─── Material supplied

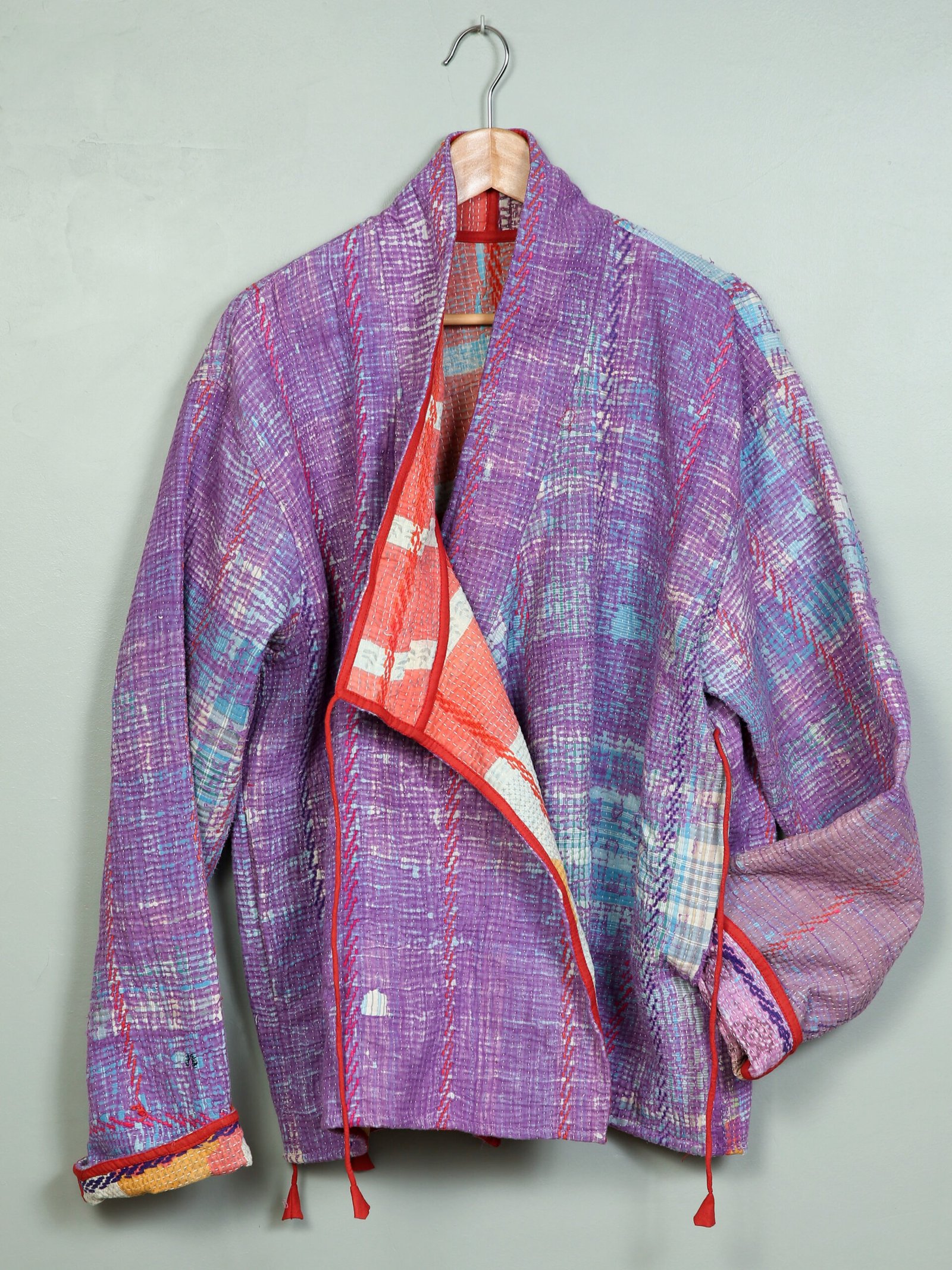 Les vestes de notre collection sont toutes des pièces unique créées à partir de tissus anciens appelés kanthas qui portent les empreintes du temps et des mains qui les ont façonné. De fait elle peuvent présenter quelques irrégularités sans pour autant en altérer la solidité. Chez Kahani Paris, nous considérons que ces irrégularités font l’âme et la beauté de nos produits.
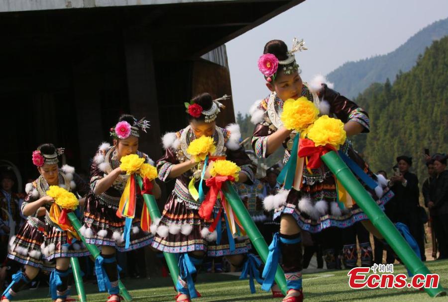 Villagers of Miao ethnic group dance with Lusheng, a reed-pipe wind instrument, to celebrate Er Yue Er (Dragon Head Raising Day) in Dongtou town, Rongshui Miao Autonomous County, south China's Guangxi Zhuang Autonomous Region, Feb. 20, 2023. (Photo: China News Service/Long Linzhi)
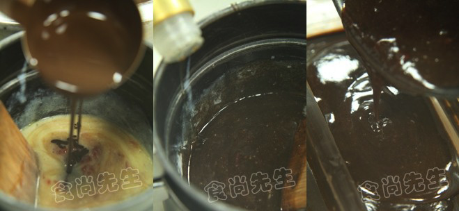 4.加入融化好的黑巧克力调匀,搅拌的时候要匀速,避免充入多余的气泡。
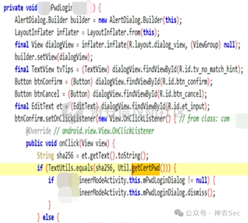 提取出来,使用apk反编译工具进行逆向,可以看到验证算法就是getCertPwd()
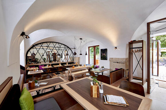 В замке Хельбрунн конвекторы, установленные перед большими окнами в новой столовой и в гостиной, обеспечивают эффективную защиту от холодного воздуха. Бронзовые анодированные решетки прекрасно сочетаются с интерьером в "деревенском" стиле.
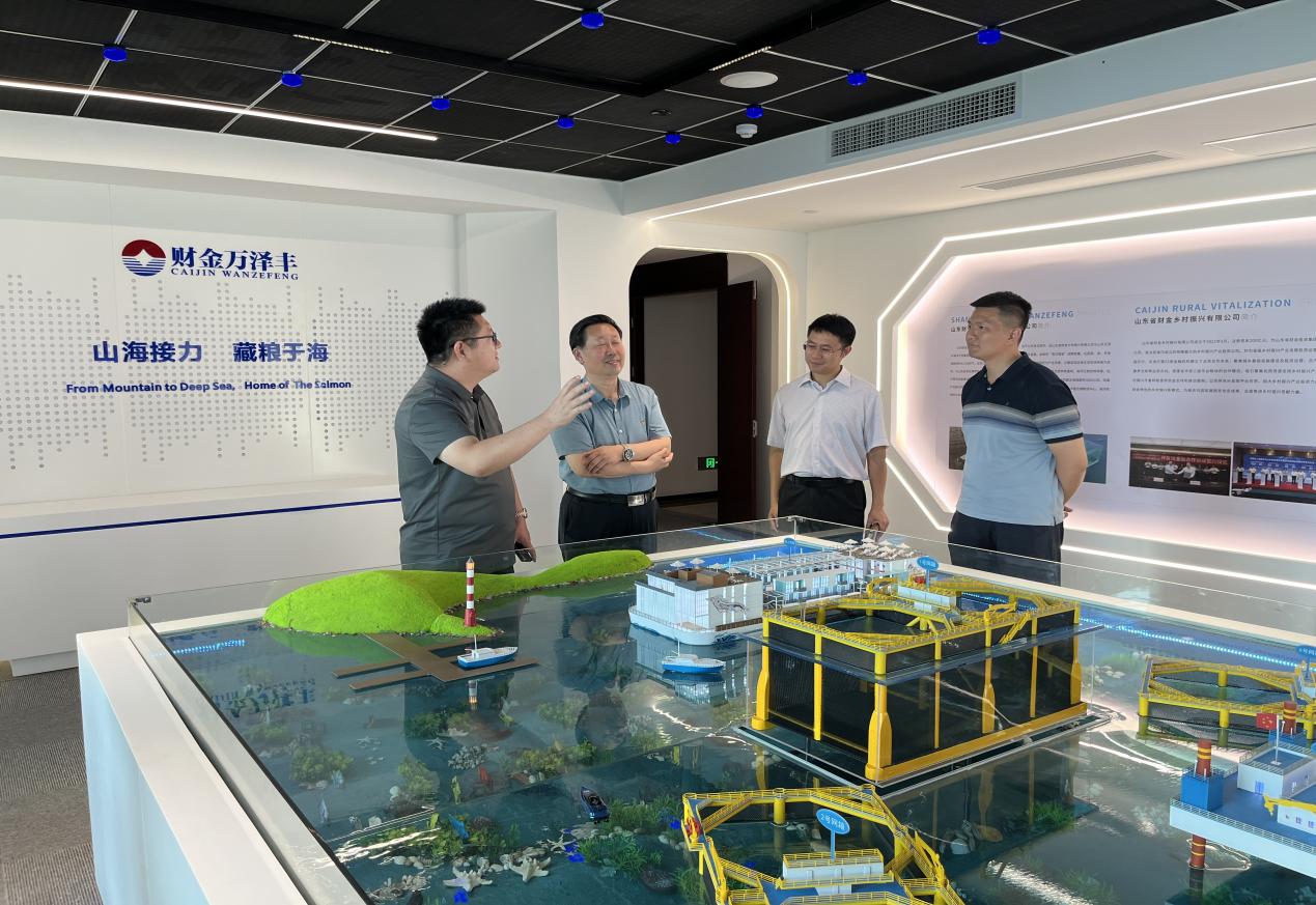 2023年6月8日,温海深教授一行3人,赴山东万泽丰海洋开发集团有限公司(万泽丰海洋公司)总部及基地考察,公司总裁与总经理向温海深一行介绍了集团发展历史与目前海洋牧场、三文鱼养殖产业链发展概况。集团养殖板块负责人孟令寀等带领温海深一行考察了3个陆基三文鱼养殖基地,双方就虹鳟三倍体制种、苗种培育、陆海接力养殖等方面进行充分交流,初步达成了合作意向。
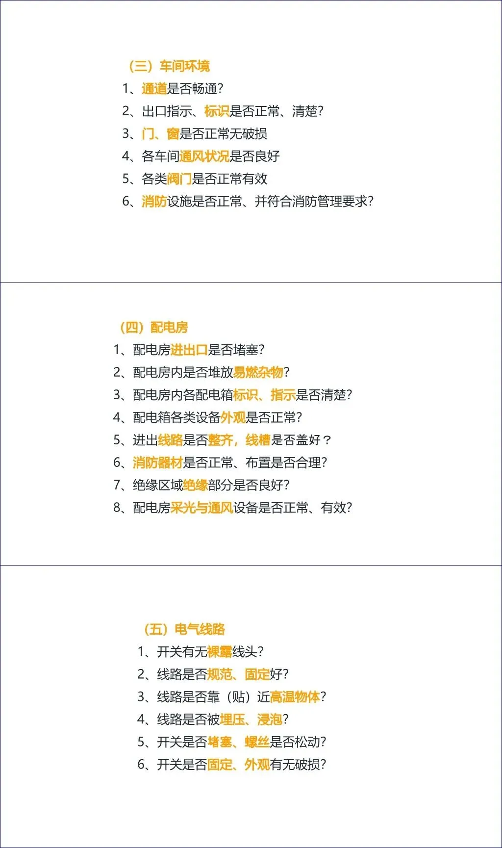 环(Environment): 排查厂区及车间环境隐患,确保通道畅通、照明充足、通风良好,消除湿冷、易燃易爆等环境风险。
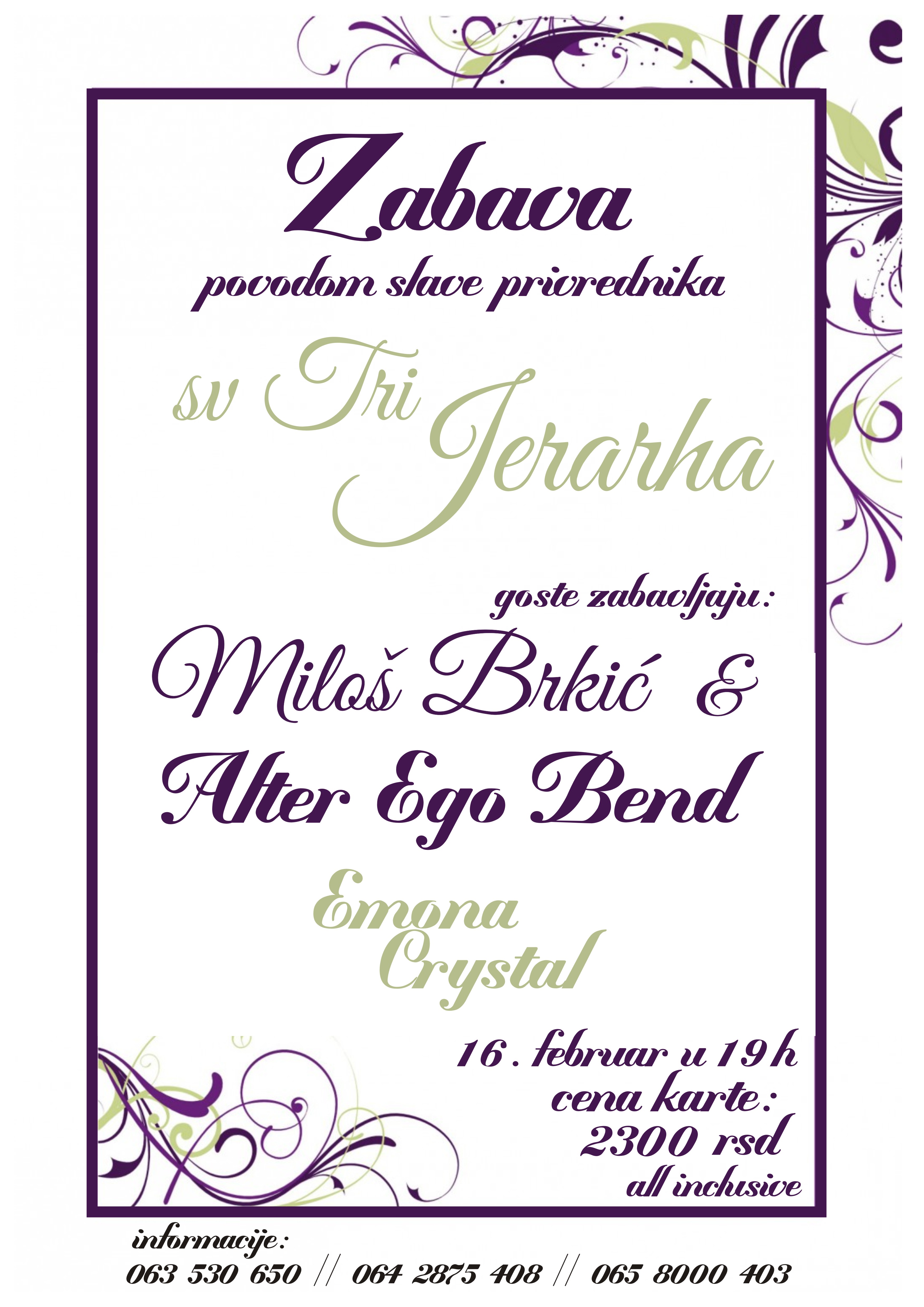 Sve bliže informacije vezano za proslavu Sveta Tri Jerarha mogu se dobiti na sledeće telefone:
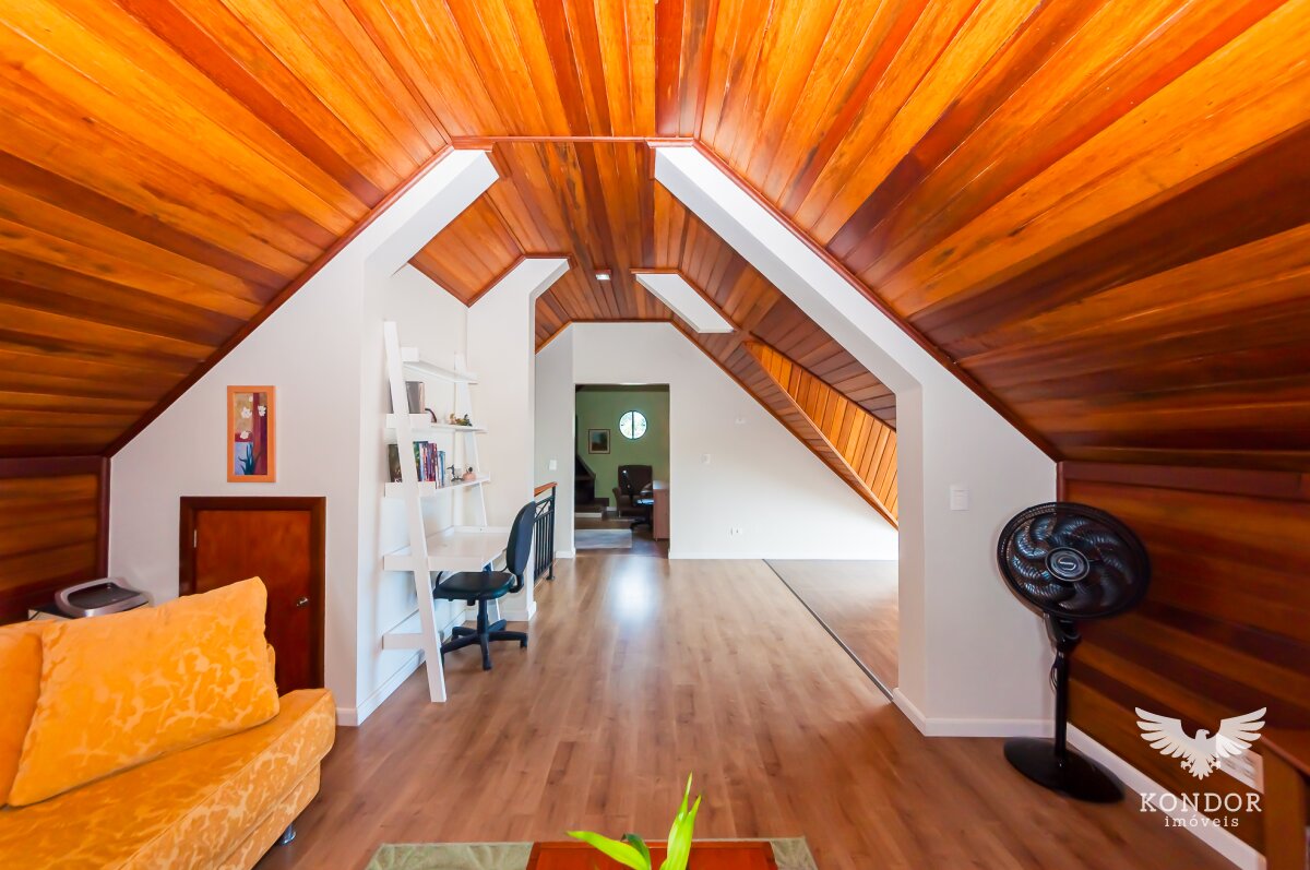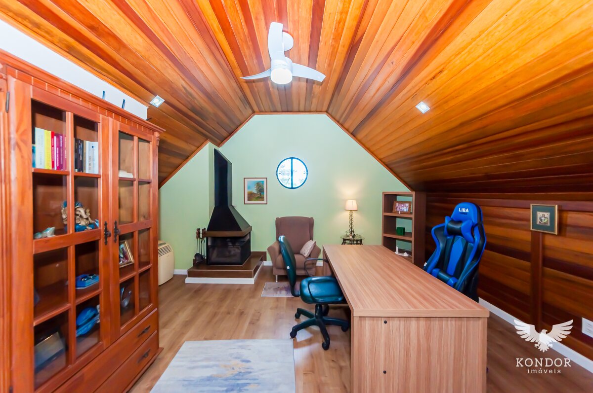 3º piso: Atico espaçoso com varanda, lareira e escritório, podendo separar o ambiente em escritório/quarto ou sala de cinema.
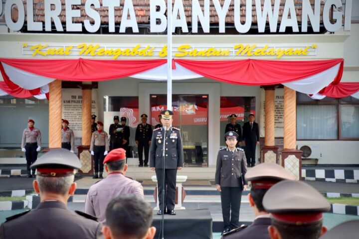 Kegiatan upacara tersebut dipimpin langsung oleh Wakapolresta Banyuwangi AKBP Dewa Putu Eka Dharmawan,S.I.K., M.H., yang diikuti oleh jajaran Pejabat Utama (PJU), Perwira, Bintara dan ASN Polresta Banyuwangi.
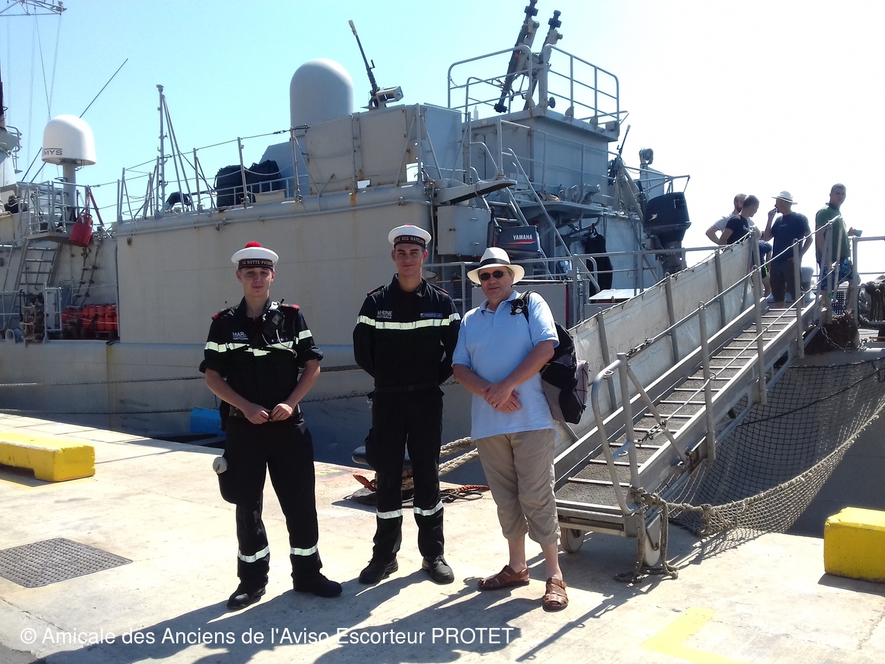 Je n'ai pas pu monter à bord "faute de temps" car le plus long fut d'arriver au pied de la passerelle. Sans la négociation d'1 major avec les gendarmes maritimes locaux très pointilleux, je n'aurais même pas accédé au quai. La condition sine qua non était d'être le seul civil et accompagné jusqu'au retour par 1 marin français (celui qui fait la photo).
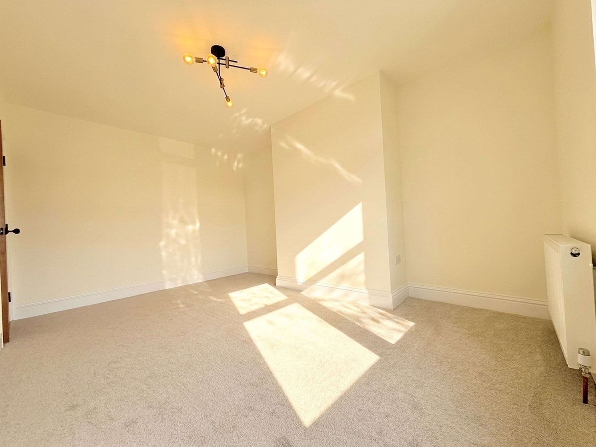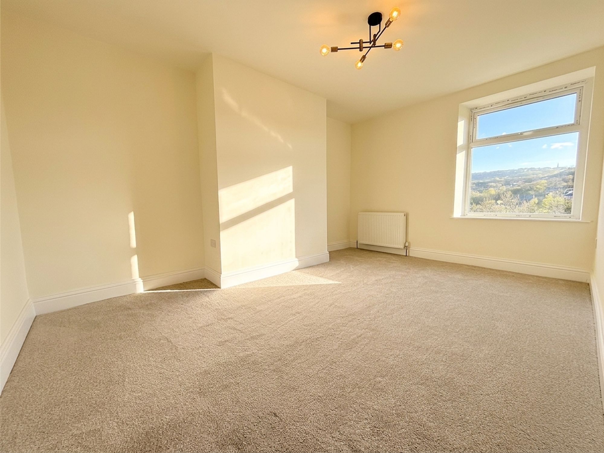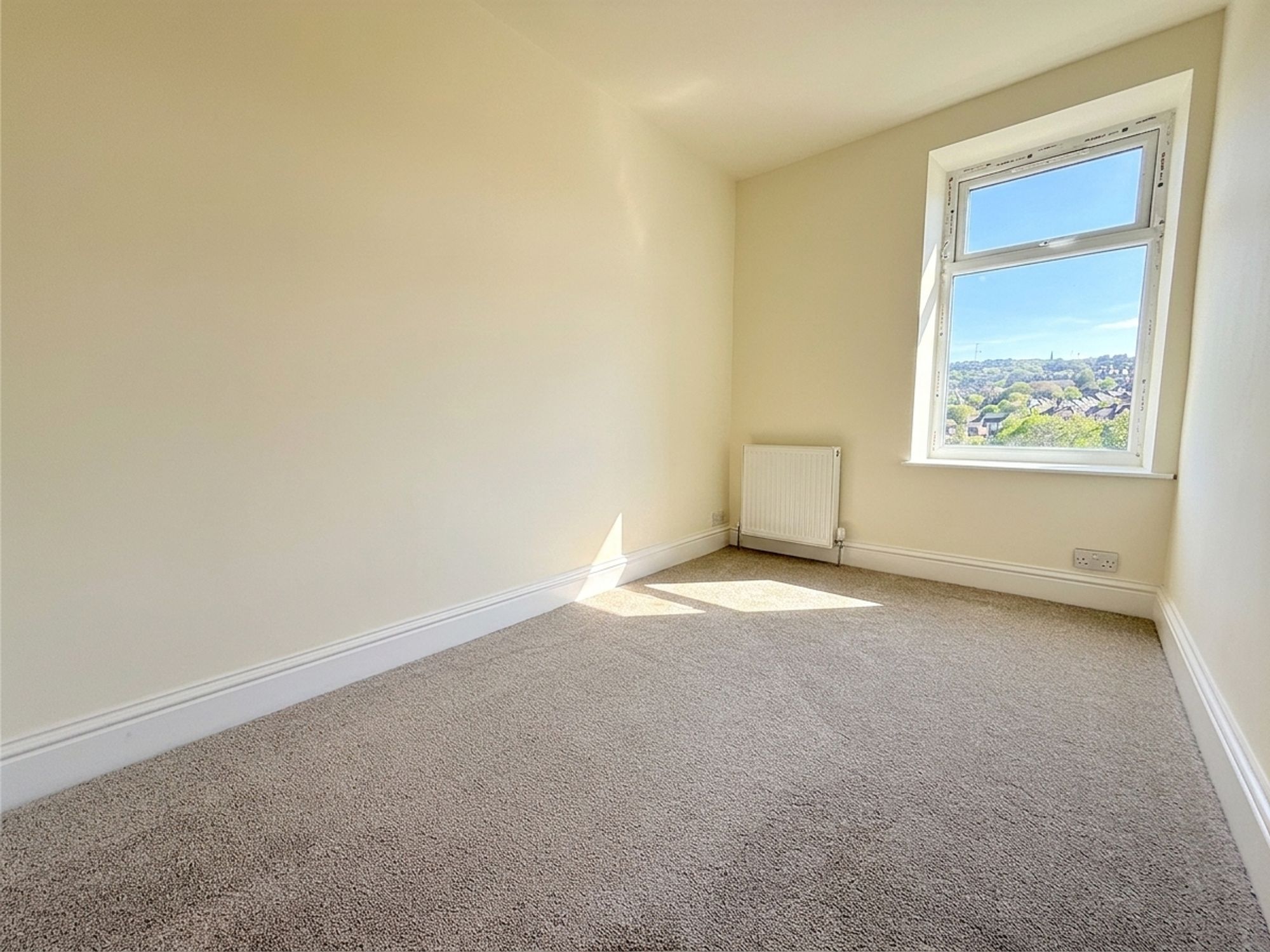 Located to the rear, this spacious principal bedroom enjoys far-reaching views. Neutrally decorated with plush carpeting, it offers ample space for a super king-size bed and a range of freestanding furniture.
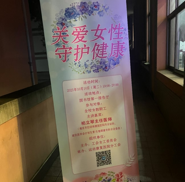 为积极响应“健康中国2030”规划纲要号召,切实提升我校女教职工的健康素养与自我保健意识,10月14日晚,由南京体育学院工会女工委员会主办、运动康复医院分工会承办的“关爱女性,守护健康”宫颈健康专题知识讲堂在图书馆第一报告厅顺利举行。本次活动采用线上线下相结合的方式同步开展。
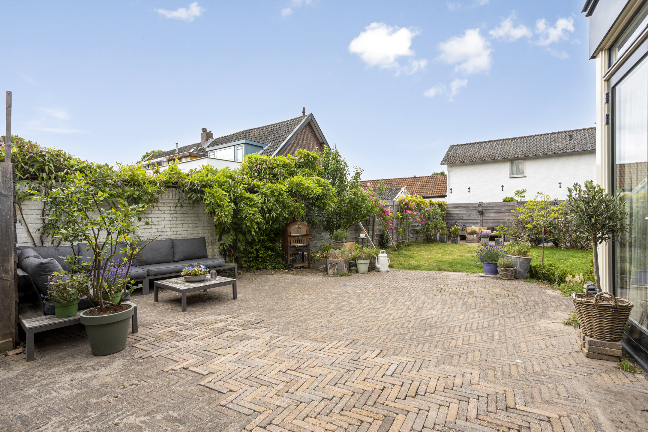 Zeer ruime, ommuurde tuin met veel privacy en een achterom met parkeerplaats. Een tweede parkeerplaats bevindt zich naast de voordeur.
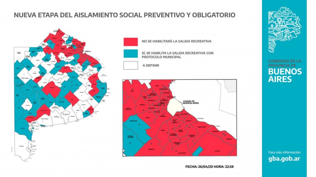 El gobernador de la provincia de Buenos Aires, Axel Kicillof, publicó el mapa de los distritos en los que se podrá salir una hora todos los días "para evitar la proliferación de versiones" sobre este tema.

──────

*What you will do*.
Could you output exactly the lines above, from the line with "Villagers of Miao" up to and including the line with "Je n'ai pas", and nothing else, skipping the pictures?

*Result of the exercise*.
 Villagers of Miao ethnic group dance with Lusheng, a reed-pipe wind instrument, to celebrate Er Yue Er (Dragon Head Raising Day) in Dongtou town, Rongshui Miao Autonomous County, south China's Guangxi Zhuang Autonomous Region, Feb. 20, 2023. (Photo: China News Service/Long Linzhi)
 4.加入融化好的黑巧克力调匀,搅拌的时候要匀速,避免充入多余的气泡。
 提取出来,使用apk反编译工具进行逆向,可以看到验证算法就是getCertPwd()
 В замке Хельбрунн конвекторы, установленные перед большими окнами в новой столовой и в гостиной, обеспечивают эффективную защиту от холодного воздуха. Бронзовые анодированные решетки прекрасно сочетаются с интерьером в "деревенском" стиле.
 2023年6月8日,温海深教授一行3人,赴山东万泽丰海洋开发集团有限公司(万泽丰海洋公司)总部及基地考察,公司总裁与总经理向温海深一行介绍了集团发展历史与目前海洋牧场、三文鱼养殖产业链发展概况。集团养殖板块负责人孟令寀等带领温海深一行考察了3个陆基三文鱼养殖基地,双方就虹鳟三倍体制种、苗种培育、陆海接力养殖等方面进行充分交流,初步达成了合作意向。
 环(Environment): 排查厂区及车间环境隐患,确保通道畅通、照明充足、通风良好,消除湿冷、易燃易爆等环境风险。
 Sve bliže informacije vezano za proslavu Sveta Tri Jerarha mogu se dobiti na sledeće telefone:
 3º piso: Atico espaçoso com varanda, lareira e escritório, podendo separar o ambiente em escritório/quarto ou sala de cinema.
 Kegiatan upacara tersebut dipimpin langsung oleh Wakapolresta Banyuwangi AKBP Dewa Putu Eka Dharmawan,S.I.K., M.H., yang diikuti oleh jajaran Pejabat Utama (PJU), Perwira, Bintara dan ASN Polresta Banyuwangi.
 Je n'ai pas pu monter à bord "faute de temps" car le plus long fut d'arriver au pied de la passerelle. Sans la négociation d'1 major avec les gendarmes maritimes locaux très pointilleux, je n'aurais même pas accédé au quai. La condition sine qua non était d'être le seul civil et accompagné jusqu'au retour par 1 marin français (celui qui fait la photo).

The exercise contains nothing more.